[What you should do] Where a record contains an image, leave the image out and print the rest exactly.

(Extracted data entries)

*** Block opens ***

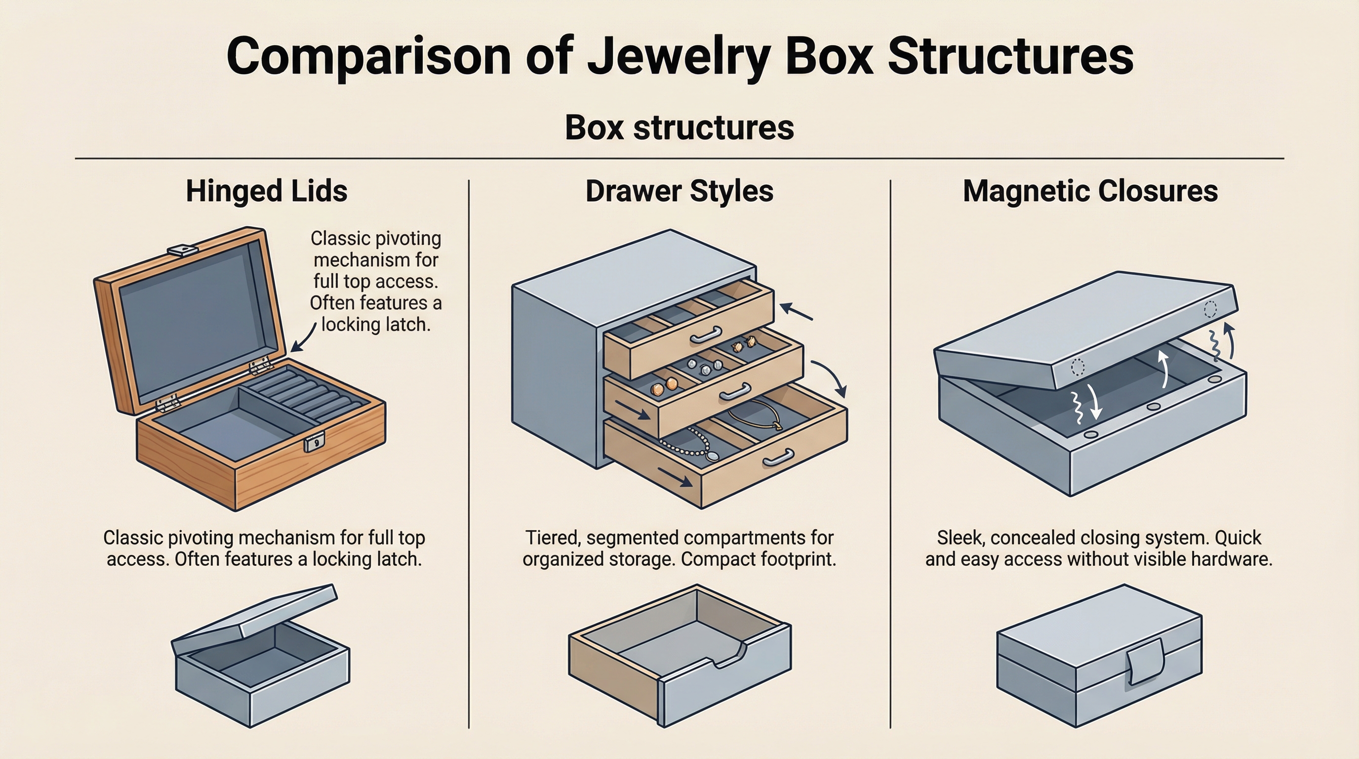 What structures work and how to choose jewelry box designs?
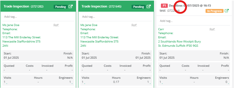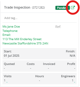 Clicking into any job from the list will open its full details, where you can view associated visits, status updates, costs, and job history.
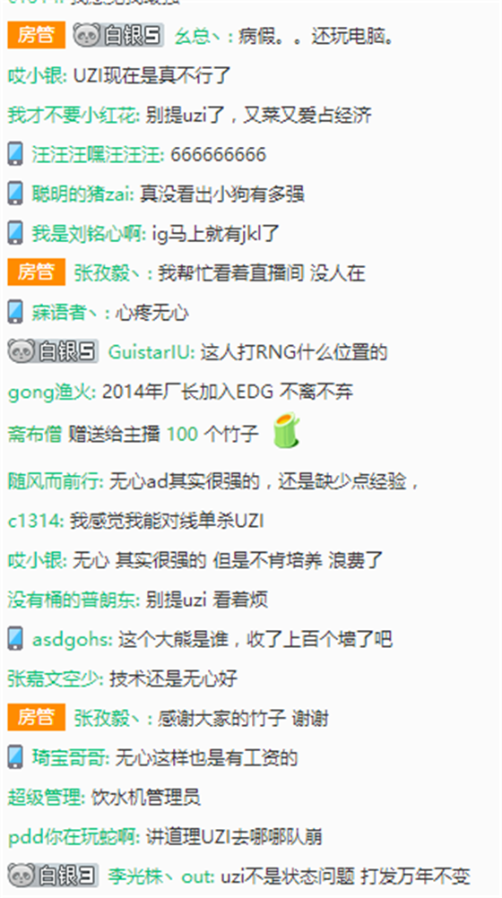 直播间的粉丝留言中,基本都在讨论Uzi和无心的地位问题
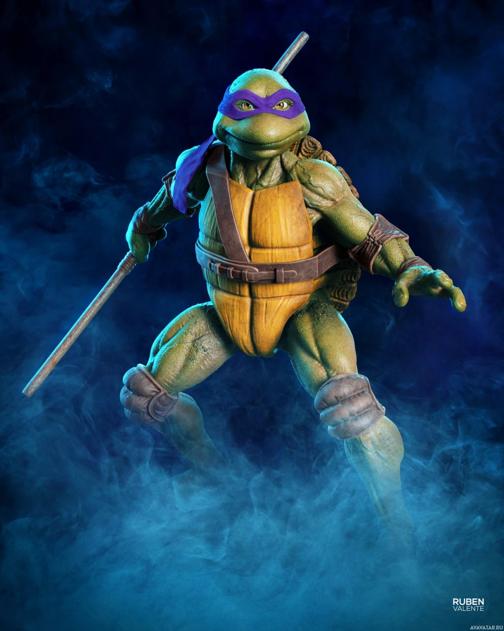 Mutant Ninja Turtles franchise, specifically Donatello. He is depicted with his iconic
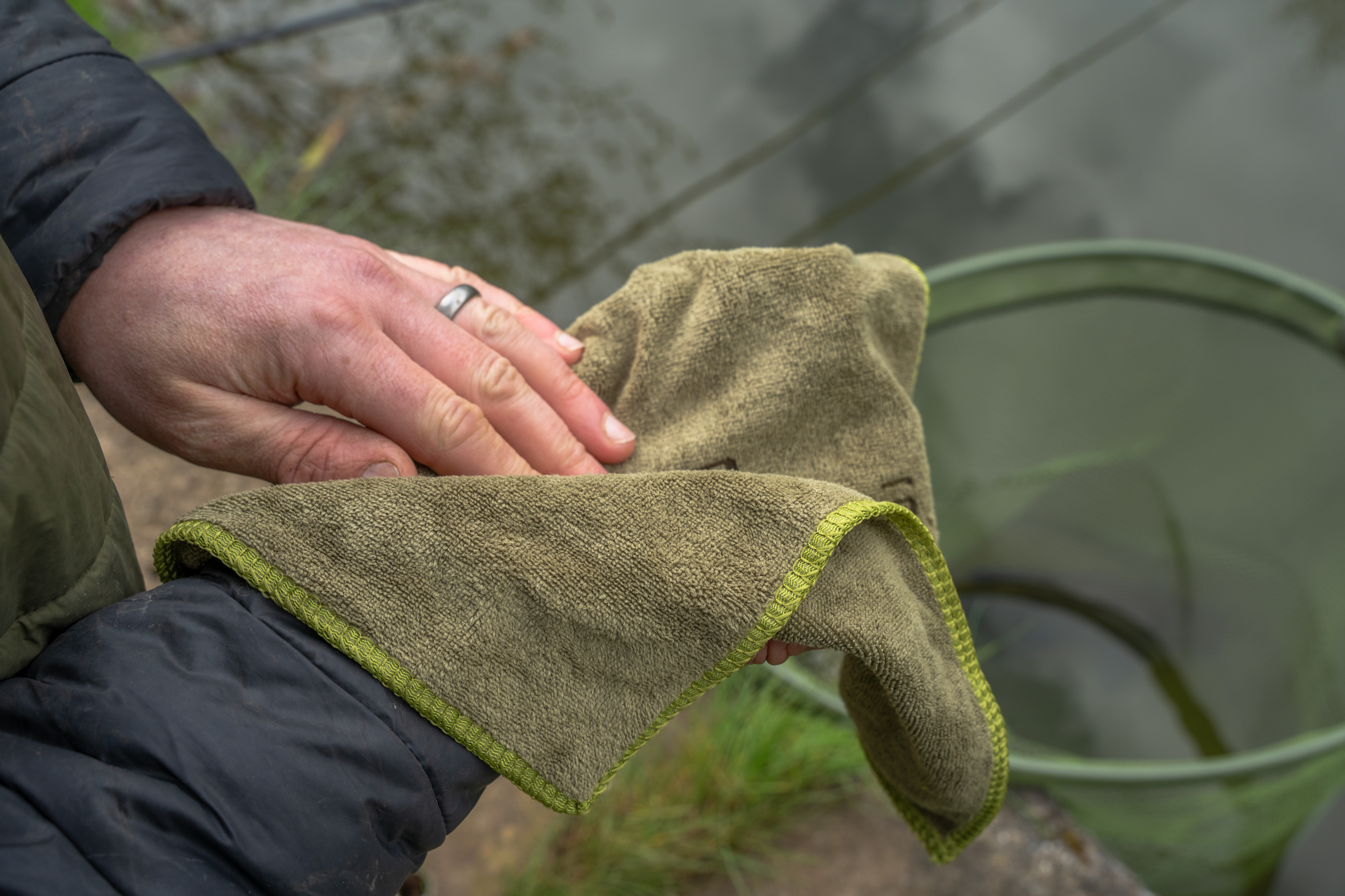 Korum Progress Microfibre Towel este un prosop pentru maini realizat 100% din poliester, oferind multiple avantaje. Materialul de inalta calitate il face foarte absorbant, putand retine de aproape trei ori mai multa apa decat un prosop obisnuit din bumbac. De asemenea, microfibra asigura o uscare rapida si il face usor de impaturit. Un alt element practic este bucla de agatare, care permite fixarea prosopului in copaci sau suporturi de pescuit, oferind acces facil si uscare rapida.
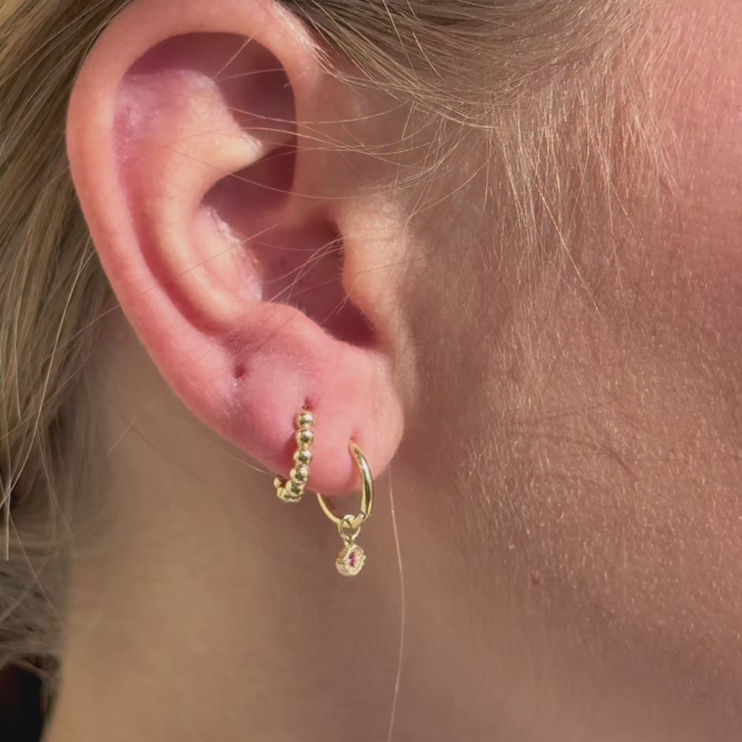 Bubble Beaded Hoop Earring in Solid 14k Yellow Gold
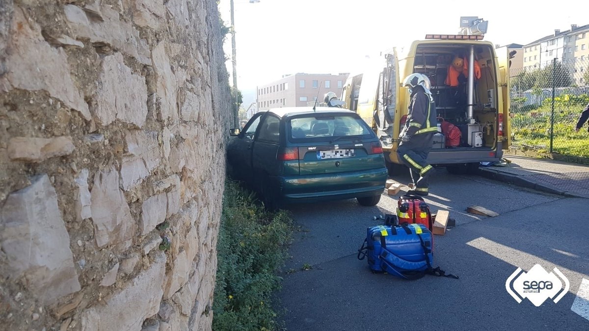La herida tuvo que ser liberada por efectivos de Bomberos del Servicio de Emergencias del Principado de Asturias (SEPA) con base en el parque de Avilés. Tras estabilizar el vehículo procedieron a elevarlo con cojines neumáticos y liberaron a la mujer con ayuda de la tabla de rescate.
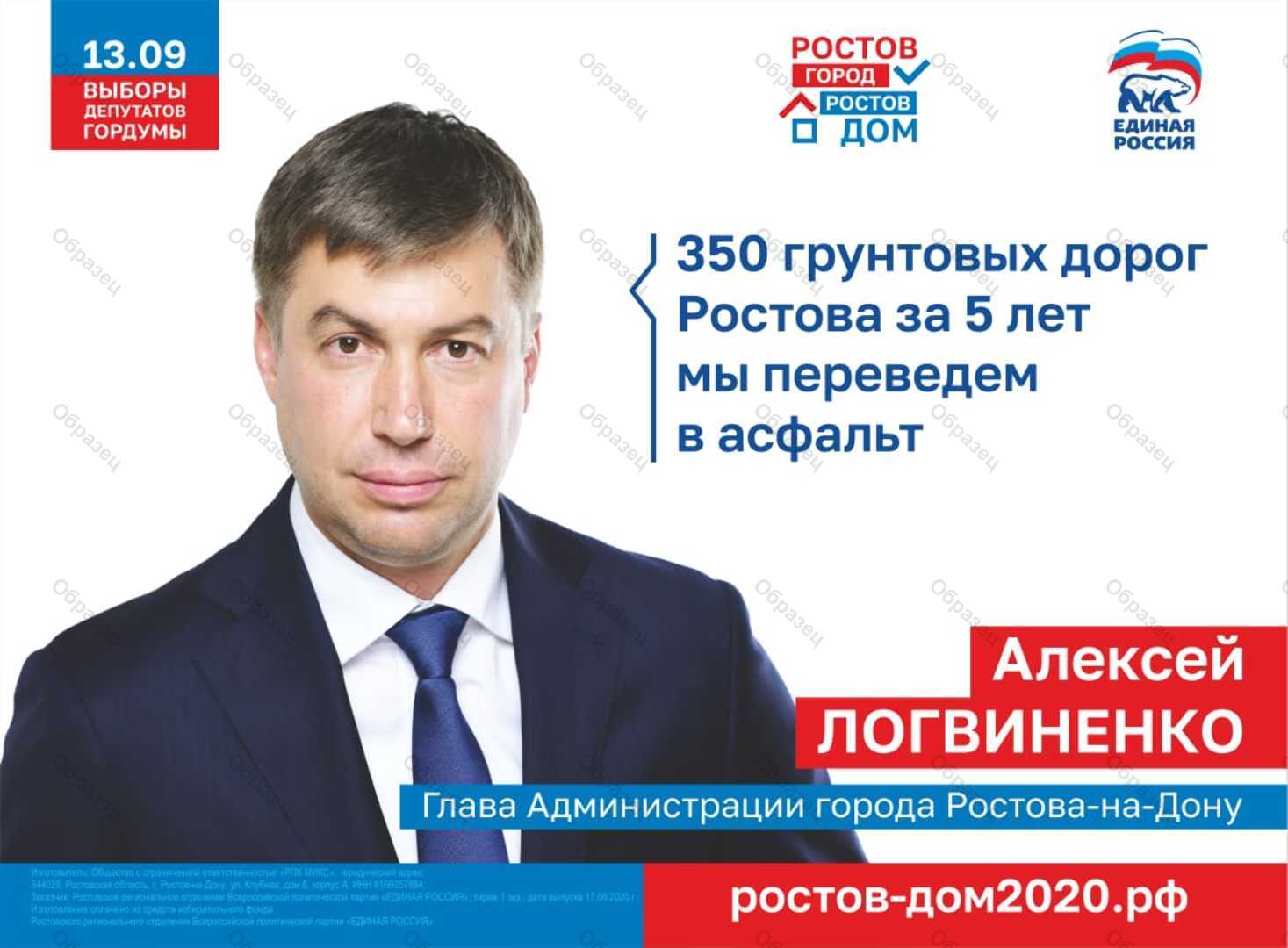 | Наименование агитационного материала | Логвиненко А.В., "350 грунтовых дорог Ростова за 5 лет мы переведем в асфальт" |

*** Block closes ***

[Exercise response]
 What structures work and how to choose jewelry box designs?
 Clicking into any job from the list will open its full details, where you can view associated visits, status updates, costs, and job history.
 直播间的粉丝留言中,基本都在讨论Uzi和无心的地位问题
 Mutant Ninja Turtles franchise, specifically Donatello. He is depicted with his iconic
 Korum Progress Microfibre Towel este un prosop pentru maini realizat 100% din poliester, oferind multiple avantaje. Materialul de inalta calitate il face foarte absorbant, putand retine de aproape trei ori mai multa apa decat un prosop obisnuit din bumbac. De asemenea, microfibra asigura o uscare rapida si il face usor de impaturit. Un alt element practic este bucla de agatare, care permite fixarea prosopului in copaci sau suporturi de pescuit, oferind acces facil si uscare rapida.
 Bubble Beaded Hoop Earring in Solid 14k Yellow Gold
La herida tuvo que ser liberada por efectivos de Bomberos del Servicio de Emergencias del Principado de Asturias (SEPA) con base en el parque de Avilés. Tras estabilizar el vehículo procedieron a elevarlo con cojines neumáticos y liberaron a la mujer con ayuda de la tabla de rescate.
 | Наименование агитационного материала | Логвиненко А.В., "350 грунтовых дорог Ростова за 5 лет мы переведем в асфальт" |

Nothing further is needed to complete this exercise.